Updating Repositories

Requirements

  • When a new version of Knora requires an existing repository to be updated, do this automatically when Knora starts, if possible.

  • Make the update process as fast as possible, with some indication of progress as it runs.

Design

As explained in Knora Ontology Versions, the knora-base ontology contains a version string to ensure compatibility between a repository and a given version of Knora. The same version string is therefore hard-coded in the Knora source code, in the string constant org.knora.webapi.KnoraBaseVersion. For new pull requests, the format of this string is knora-base vN, where N is an integer that is incremented for each version.

During Knora's startup process, ApplicationActor sends an UpdateRepositoryRequest message to the StoreManager, which forwards it to TriplestoreManager, which delegates it to org.knora.webapi.store.triplestore.upgrade.RepositoryUpdater.

RepositoryUpdater does the following procedure:

  1. Check the knora-base version string in the repository.

  2. Consult org.knora.webapi.store.triplestore.upgrade.RepositoryUpdatePlan to see which transformations are needed.

  3. Download the entire repository from the triplestore into a TriG file.

  4. Read the TriG file into an RDF4J Model.

  5. Update the Model by running the necessary transformations, and replacing the built-in Knora ontologies with the current ones.

  6. Save the Model to a new TriG file.

  7. Empty the repository in the triplestore.

  8. Upload the transformed repository file to the triplestore.

To update the Model, RepositoryUpdater runs a sequence of upgrade plugins, each of which is a class in org.knora.webapi.store.triplestore.upgrade.plugins and is registered in RepositoryUpdatePlan.

Design Rationale

We tried and rejected several other designs:

  • Running SPARQL updates in the triplestore: too slow, and no way to report progress during the update.

  • Downloading the repository and transforming it in Python using rdflib: too slow.

  • Downloading the repository and transforming it in C++ using Redland: also too slow.

The Scala implementation is the fastest by far.

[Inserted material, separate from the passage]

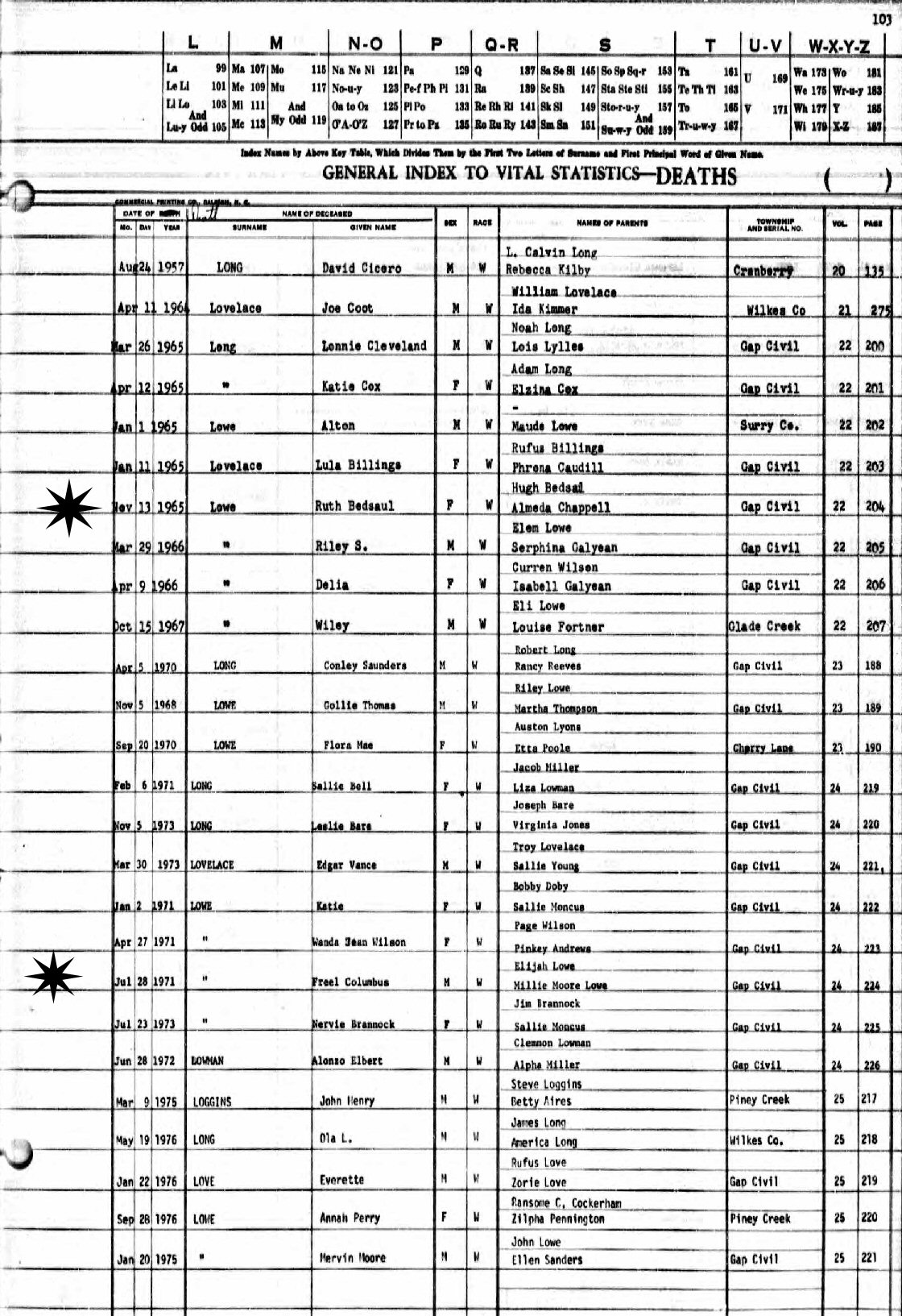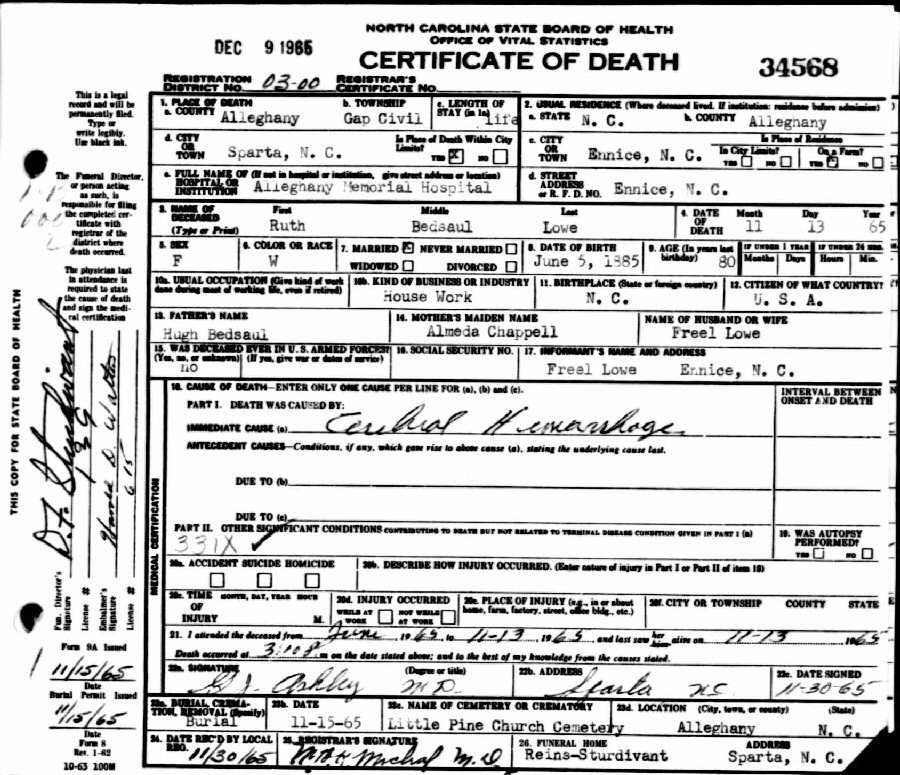 Married: Freel Columbus Lowe November 25, 1900 in Alleghany County, North Carolina.

The whole repository is uploaded in a single transaction, rather than uploading one named graph at a time, because GraphDB's consistency checker can enforce dependencies between named graphs.

Adding an Upgrade Plugin

Each time a pull request introduces changes that are not compatible with existing data, the following must happen:

  • The knora-base version number must be incremented in knora-base.ttl and in the string constant org.knora.webapi.KnoraBaseVersion.

  • A plugin must be added in the package org.knora.webapi.store.triplestore.upgrade.plugins, and registered in RepositoryUpdatePlan, to transform existing repositories so that they are compatible with the code changes introduced in the pull request.

The order of version numbers must correspond to the order in which the pull requests are merged.

An upgrade plugin is a Scala class that extends UpgradePlugin. The name of the plugin class should refer to the pull request that made the transformation necessary, using the format UpgradePluginPRNNNN, where NNNN is the number of the pull request.

A plugin's transform method takes an RDF4J Model (a mutable object representing the repository) and modifies it as needed. For details on how to do this, see The RDF Model API in the RDF4J documentation.

Before transforming the data, a plugin can check whether a required manual transformation has been carried out. If the requirement is not met, the plugin can throw InconsistentTriplestoreDataException to abort the upgrade process.

The plugin must then be appended to the sequence pluginsForVersions in RepositoryUpdatePlan.

Testing Update Plugins

Each plugin should have a unit test that extends UpgradePluginSpec. A typical test loads a TriG file containing test data into a Model, runs the plugin, makes an RDF4J SailRepository containing the transformed Model, and uses SPARQL to check the result.